« Bilan désastreux », « chaos » : le parcours en Y du Bac Pro déjà sur la sellette

C’était la mesure phare de la dernière réforme de la voie professionnelle, censée révolutionner votre année de Terminale. Moins de deux ans après son lancement, le fameux parcours en Y (ou parcours différencié) est déjà sur le siège éjectable. En cause ? Une organisation qualifiée de « chaos » par les syndicats et un mea culpa à peine voilé du ministère de l’Éducation nationale.
parcours y

Un « bilan désastreux » unanimement partagé

Il est rare de voir l’administration et les syndicats tomber d’accord aussi vite. Lors du comité de suivi de la voie professionnelle qui s’est tenu ce jeudi 8 janvier 2026, le ministre de l’Éducation nationale, Edouard Geffray, a dû se rendre à l’évidence : le dispositif ne fonctionne pas. Lancé lors de l’année scolaire 2024-2025, ce parcours imposait aux élèves de choisir, pour la fin de leur Terminale, entre deux options : une préparation à la poursuite d’études ou une insertion professionnelle immédiate.

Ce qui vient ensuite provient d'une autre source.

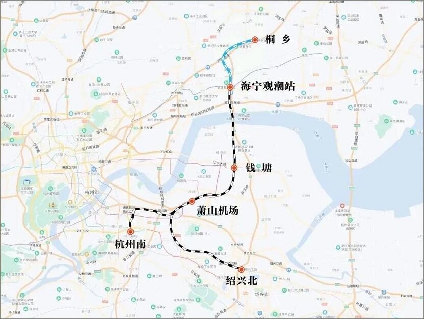 杭州机场高铁项目即将正式开工建设,计划工期4年,有望在2027年竣工通车。其中桐乡至海宁观潮站段由于受沪乍杭铁路引入桐乡站同步实施工程影响,将延迟开工。
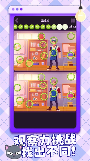 找不到吧这款游戏,整体操作玩法较为简单,但对玩家的眼力却是个极大的挑战。除此之外,游戏中为玩家准备了超多各式各样的道具,这些道具能大幅提升找茬效率,助力玩家快速完成更多关卡挑战。

Sur le papier, l’idée de personnaliser la fin du lycée semblait séduisante. Dans la réalité, les retours de terrain sont glacials. Pascal Vivier, secrétaire général du Snetaa-FO, n’y va pas par quatre chemins et décrit un « bilan désastreux ». Les établissements ont rapporté une désorganisation totale, notamment due au déplacement des examens au mois de mai pour libérer du temps en juin.

Les conséquences directes pour les lycéens ont été lourdes :

  • Une année scolaire amputée de plusieurs semaines de cours (jusqu’à 169 heures perdues selon certains syndicats).
  • Un taux d’absentéisme « colossal » constaté dès la fin des épreuves en mai.
  • Une gestion administrative qualifiée de « chaos organisé » au sein des lycées.

L’effet pervers de la gratification de stage

L’un des points de friction majeurs de ce parcours en Y réside dans son modèle économique, qui a fini par biaiser l’orientation des élèves. Le choix devait théoriquement se faire selon le projet d’avenir du lycéen : continuer en BTS ou aller travailler.

Mais le système a introduit un biais de taille : la gratification des stages. En optant pour le module « insertion professionnelle », les élèves partent en Période de Formation en Milieu Professionnel (PFMP) et touchent une gratification d’environ 100 euros par semaine. À l’inverse, le module de « poursuite d’études » garde les élèves en classe, sans rémunération supplémentaire.

Le résultat ne s’est pas fait attendre. La majorité des élèves s’est tournée vers l’insertion professionnelle, non pas forcément par conviction, mais par intérêt financier. Ce phénomène a vidé les classes du module « poursuite d’études » de leur substance, rendant le dispositif inefficace pour ceux qui voulaient réellement préparer l’après-bac.

L’attrait pour la gratification encourage de fait les élèves à choisir le parcours Insertion Professionnelle, vidant le dispositif de son sens.

Vers un retour à la normale pour la rentrée 2026 ?

Face à ce constat d’échec, le ministère semble prêt à faire machine arrière. Edouard Geffray a évoqué des « ajustements nécessaires », mais en coulisses, on parle bien d’une suppression pure et simple du parcours différencié tel qu’il existe aujourd’hui. L’objectif serait de revenir à un calendrier plus classique, avec des examens positionnés fin juin, pour garantir aux élèves « plus et mieux d’école ».

Le calendrier va s’accélérer dans les prochaines semaines :

  • Janvier 2026 : Quatre semaines de concertation intense entre le ministère et les syndicats pour recueillir les expériences de terrain.
  • 22 février 2026 : Date butoir pour l’annonce officielle des arbitrages, juste avant la période de réserve électorale des municipales.
  • Avril 2026 : Lancement de groupes de travail pour une refonte plus large de l’enseignement professionnel (de la Segpa au BTS) prévue à l’horizon 2027-2028.

Pour les syndicats comme le SE-Unsa ou le Snec-CFTC, c’est une victoire après deux ans d’alertes sur la « non-faisabilité » du projet. Ils réclament désormais de redonner de l’autonomie aux établissements et de récupérer les heures d’enseignement perdues.

Si vous êtes actuellement en Première Bac Pro, attendez-vous donc à ce que votre année de Terminale ne ressemble pas à celle de vos prédécesseurs. Le « parcours en Y » pourrait bien n’avoir été qu’une parenthèse de deux ans dans l’histoire du lycée professionnel.